Teva commonly wields its legal sword — or the threat of the same — to cut down the patents shielding the exclusivity of popular medicines sold by other generic rivals and branded pharmaceutical manufacturers. Not unexpectedly, Teva initiated a patent infringement lawsuit against Mylan in response to its rival’s abbreviated New Drug Application (ANDA) for Copaxone, accusing Mylan of infringing seven patents covering the product. In addition, Teva executives have said for months now that MS is a serious disease, arguing that its scientists had serious reservations that competitors’ products could meet Copaxone’s identical molecular compensation and efficacy.

Teva chief executive Shlomo Yanai confidently opined on the earnings call that it was highly improbable that a serious generic threat to Copaxone would reach the market any time soon. He emphasized that glatiramer acetate was extremely difficult to manufacture, as even subtle changes in the manufacturing process or molecular weight distribution of the drug’s active ingredient could influence safety and outcomes. In addition, any potential generic version of Copaxone ought be evaluated in placebo-controlled clinical trials with clinical endpoints, argued Yahai, to establish the efficacy and safety and to measure [the degree of] effects of immunogenecity on the multiple sclerosis patients.

To say you embrace a principle means little, more so if you are not beholden to carrying it out: in the context that Teva is looking to put patient safety ahead of profits — absurd! Last year Teva received approval from European regulators to market TevaGrastim, its own “bio-similar” version of Amgen’s branded granulocyte colony-stimulating factor, called Neupogen (filgrastim), to EU member states. Both drugs are indicated for for the treatment of chemotherapy-induced neutropenia.

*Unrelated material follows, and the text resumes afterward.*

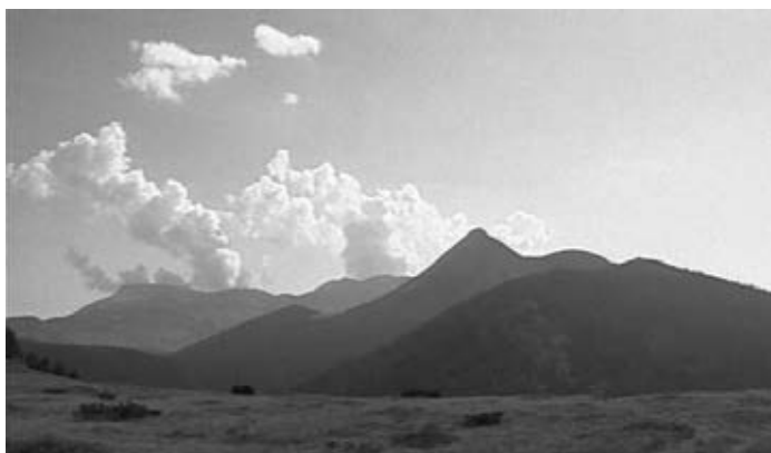
Ljepotica Hajla sa 2403 metra nadmorske visine

Autor: Pero Radović Producent: Radivoje Brnović Kamera: Savo Jovanović Ton: Željko Martinović Trajanje: 30':00" Proizvodnja: TV Crne Gore, 1991.

I guess the hypocrisy is that clinical trial studies — especially in MS or chemotherapy-treated patients with demyelination and depleted white blood cell issues, respectively  – should be mandatory for all generic and brand name companies, save for Teva!

Notwithstanding questionable ethics, whether or not Mylan legally overstepped is moot, for the litigation triggers a stay of FDA approval for the Mylan ANDA until 30 months pass or a district court decides in Mylan’s favor. Which means Mylan and prior challengers would be unable to launch alternative generic versions before 2011 - 2012, unless the courts dismiss Teva’s lawsuit. Ergo, the intent is to tie rivals’ hands as long as possible, or to force Mylan and other rivals to the table and negotiate [less-profitable] “pay -not-to-play” deals. Just the way Big Pharma has long treated, you know, Teva.

Looking to 2010, Teva has 210 product applications awaiting final FDA review, covering annual U.S. branded sales of at least $113 billion. Of these submissions, 136 were patent challenges of branded products. Teva believes it is the first to file — providing 180-day market exclusivity — on 83 applications with annual U.S. branded sales exceeding $54 billion.

As goes the proverb: “every path has a puddle.” Should the FDA reject Teva’s position regarding human clinical trials for Copaxone, near-term growth could take a stumble in the mud. A good thing, therefore, that come next year Teva will add to its medicine cabinet copycat drugs to treat migraine headaches, Imitrex (sumatriptan), and Effexor XR (venlafaxine) for depression.